“Killers of The Flower Moon”, the breath of the great film

When Martin Scorsese, Robert de Niro and Leonardo DiCaprio loom on the Croisette as a trio of aces, it inevitably creates the event. Onlookers were shouting on Saturday and moviegoers rushed to the Palace on Killers of the Flower Moon, jostling in the queues under the crowd of umbrellas. For the first time, the filmmaker of Gangs of New York brought together his two favorite actors on screen, retracing the symbolic course of his fruitful career, with testamentary accents.

Remember that Scorsese had received the Palme d’or here for Taxi Driver in 1976 as well as the directing prize ten years later for After Hours. He chaired the jury in 1998, but no longer launched a film on La Croisette. The mythical American filmmaker was desired. This year, he wanted to give a boost to Cannes, bastion of the big screen more than elsewhere. Like Almodovar who presented his western at the start of the festival, this is the first time that “Marty” has touched on this iconic American genre.
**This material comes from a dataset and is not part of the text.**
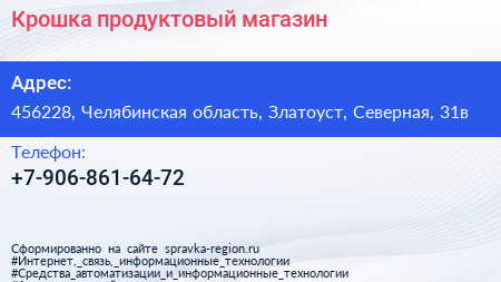 Крошка, продуктовый магазин по адресу 456228, Челябинская область, Златоуст, Северная, 31в в дальнейшем Организация, размещена в следующих категориях:

Adapted from the historically researched novel by David Grant which DiCaprio had suggested the filmmaker read, this film was presented out of competition according to Scorsese’s wishes. This manifest work is part of the current recognition of the crimes suffered by the first inhabitants of the country. Scorsese has never finished exploring the American DNA woven of violence and greed. He dives into it again with his legendary dexterity, striking images, a love of the native population staged.
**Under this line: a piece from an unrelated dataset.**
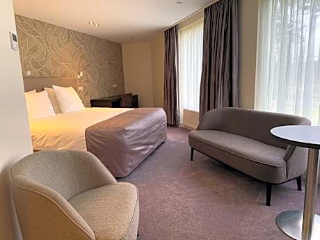 Amid its green estate, this hotel provides romantic rooms, a luxurious wellness - and fitness center. Enjoy the refined restaurant, private wine cellar and cozy lounge bar with fireplace. Landgoed de Rosep offers beautiful private grounds and peaceful surroundings for your relaxing stay in charming Oisterwijk. Wake up each morning with a delicious breakfast buffet and decide to start your day with a stroll through the large garden. The estate’s excellent restaurant serves French cuisine, which can be accompanied by quality wines from the on-site wine cellar. The spacious rooms each offer many comforts, such as a private bathroom with bath. In addition to this, they all provide a great view of the wonderful forested environment. The large wellness center consists of an indoor swimming pool, hot whirlpool, Finnish sauna, bio sauna, infrared sauna and Turkish steam bath. In the beauty center you can reserve massages. You can also play tennis on the hotel’s all-weather court; have a workout in the fitness room; or rent bicycles to explore the wider area.The hotel offers also offers charging points for electric cars and bikes.

A hundred years ago, the tragic story evokes that of the Osage tribe in Oklahoma, whose members were executed in cold blood or slowly poisoned after oil was discovered on their land. They had hit the jackpot and were strutting around in villas spending their tickets. Crooked whites and various desperadoes flocked to profit from the hoard, play the colt or marry their wives for the purpose of inheritance. Investigations were carried out very late in order to lock up the culprits.

Here a false friend of the Osages, patron, king of the place and sinister scoundrel, Robert de Niro, at the top of his form, has everything of an old godfather of a time without faith or law. It took Scorsese to direct the interpreter of Taxi Driver. Leonardo DiCaprio is also great, but less charismatic than his counterpart as the King’s nephew who does his dirty work without knowing he is being manipulated. Lily Gladstone more apathetically portrays her loving and abused Native wife Molly.
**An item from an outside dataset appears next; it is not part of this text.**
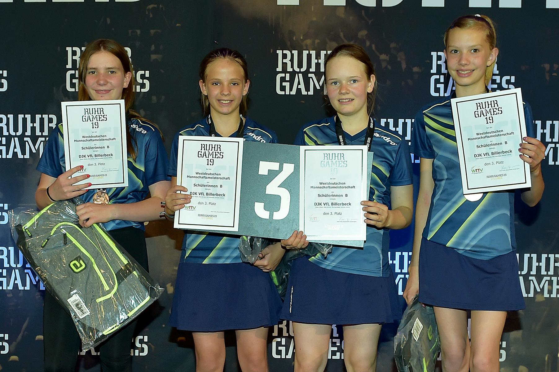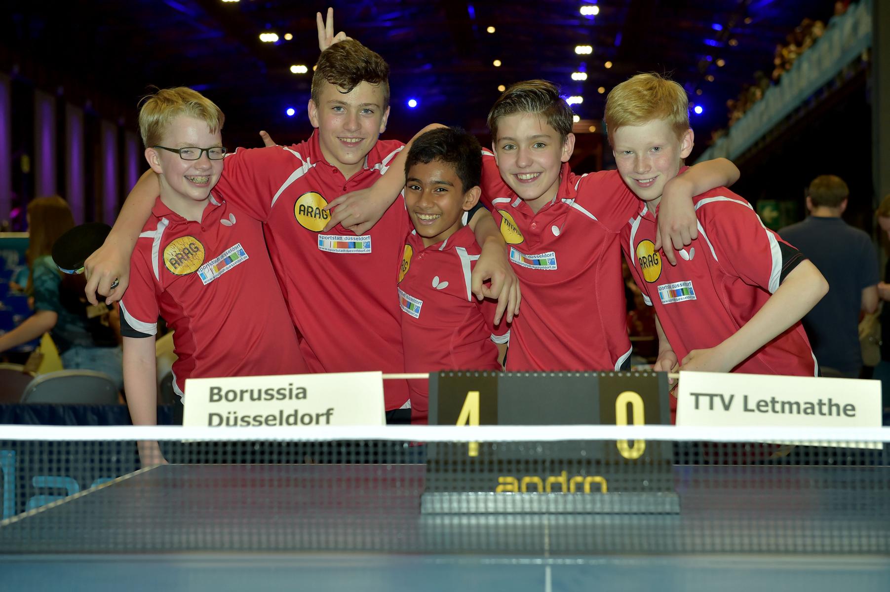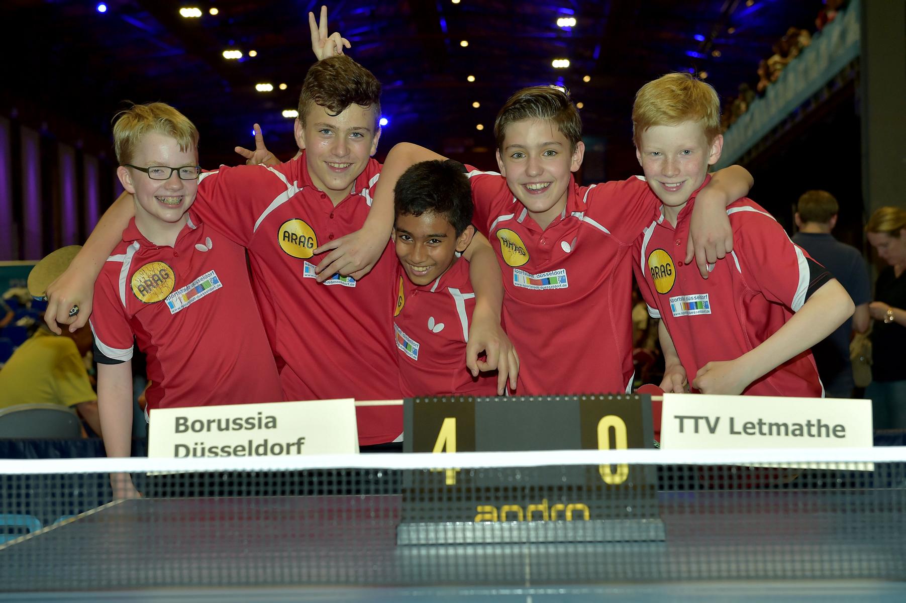Bei den Schülern B wurde Borussia Düsseldorf mit Rian Patra, Emilo Schulz und Emil Schreiber der Favoritenrolle gerecht. Im Finale ließen die Borussen dem TTV Letmathe (Arda Yenen, Sebastian Koch und Simon Benz) beim 4:0 Kantersieg nur einen einzigen Satzgewinn zu.

Killers of the Flower Moon is haunted as much by the ferocity of the cowboys as by the poetry of native traditions brought to life. We feel the breath of the great film pass over him. With a duration of 3 h 26, alas! The filmmaker nevertheless stretches his sauce at the end of the game through less fruitful trial scenes. But with his immense qualities, he is predicted to have great audience successes

Western, therefore, but already modern. Model T Fords and other vehicles replaced the horses of yesteryear. On the newsreels, people watch black towns being devastated. The 20th century continues in its own way the genocidal work on the First Peoples started upstream. John Edgar Hoover at the head of the FBI, will get involved in the Affair of the Osage as head of the FBI destined to mark his century. Who really wanted to avenge the natives, aware themselves of being on the brink of the abyss? Locking up a few mobsters to calm people’s minds was enough in high places…

It is on a brilliant mechanics that Scorsese relies to camp his film in this desert of newly enriched, luxurious residences and indigenous ceremonies as mysterious as bewitching, as well as the omnipresent brutality. Certain images of owls announcing death to Osage women flirt with magical realism. Burned oil lands behind human silhouettes almost in Chinese shadows dazzle. The white and indigenous worlds marry here with ardor and incomprehension, under the lure of gain of some, the distress of others, also the love born of these marriages of interest. twilight song, Killers of The Flower Moon sheds light on contemporary inequities in the same breath, as the culture of assassination and racism persists in flourishing among the Southern Neighbors.

A great connoisseur of American popular music, Scorsese and Canadian composer Robbie Robertson, former guitarist of The Band, provide us with an anthology in which old blues, folk music, “work songs” and syncopated Aboriginal songs accompany a period work that is by turns bloody, sentimental and memorial. This western with aesthetically pleasing but striking sets and costumes also veers into a psychological thriller. Above all, this cry of denunciation resounds in an intimate way through the commitment of the filmmaker, who supports his message very strongly indeed at the very end of his work.

Odile Tremblay is the guest of the Cannes Film Festival.